- [Collected data]
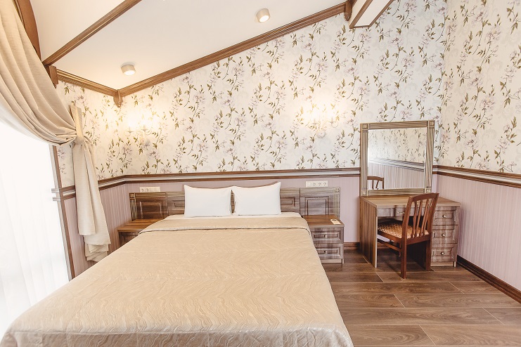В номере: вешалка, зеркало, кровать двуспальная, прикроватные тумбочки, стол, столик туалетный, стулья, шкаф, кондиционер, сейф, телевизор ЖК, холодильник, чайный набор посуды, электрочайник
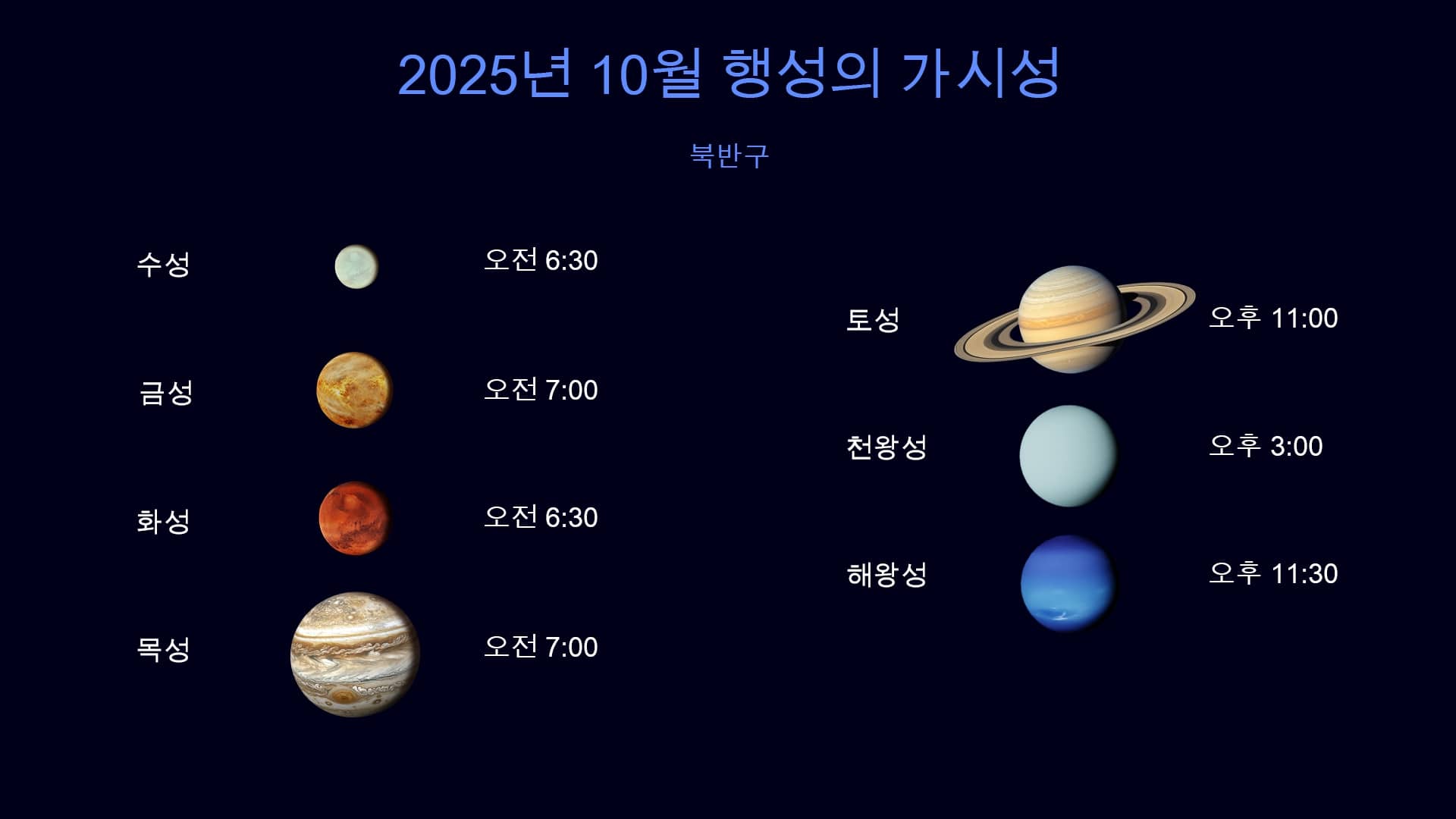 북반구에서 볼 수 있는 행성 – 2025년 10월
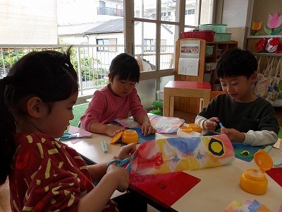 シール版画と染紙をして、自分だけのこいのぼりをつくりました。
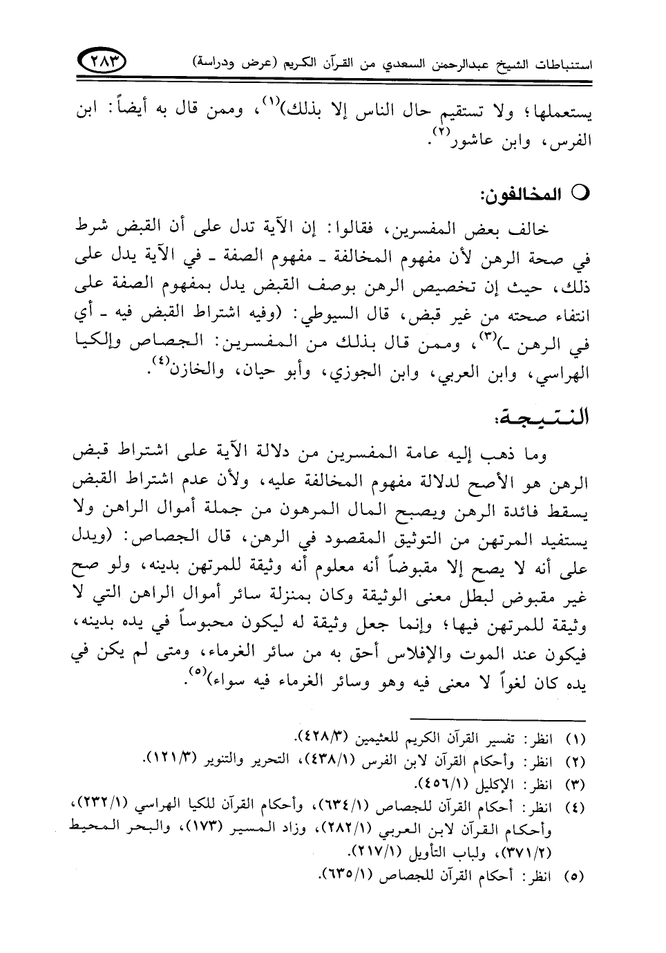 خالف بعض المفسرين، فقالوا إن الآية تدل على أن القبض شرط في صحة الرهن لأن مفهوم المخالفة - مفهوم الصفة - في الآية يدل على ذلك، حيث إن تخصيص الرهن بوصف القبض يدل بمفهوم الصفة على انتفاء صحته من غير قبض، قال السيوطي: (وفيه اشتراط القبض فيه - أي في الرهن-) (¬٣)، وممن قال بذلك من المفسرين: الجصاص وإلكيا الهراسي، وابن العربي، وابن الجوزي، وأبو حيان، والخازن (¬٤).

- [About this exercise] Beginning with the line where "シール版画と染紙をして、自分だけのこいのぼりをつくりました。" appears, reproduce every remaining line of the listing above, the last one included, but none of the pictures.

- [Finished exercise]
 シール版画と染紙をして、自分だけのこいのぼりをつくりました。
 خالف بعض المفسرين، فقالوا إن الآية تدل على أن القبض شرط في صحة الرهن لأن مفهوم المخالفة - مفهوم الصفة - في الآية يدل على ذلك، حيث إن تخصيص الرهن بوصف القبض يدل بمفهوم الصفة على انتفاء صحته من غير قبض، قال السيوطي: (وفيه اشتراط القبض فيه - أي في الرهن-) (¬٣)، وممن قال بذلك من المفسرين: الجصاص وإلكيا الهراسي، وابن العربي، وابن الجوزي، وأبو حيان، والخازن (¬٤).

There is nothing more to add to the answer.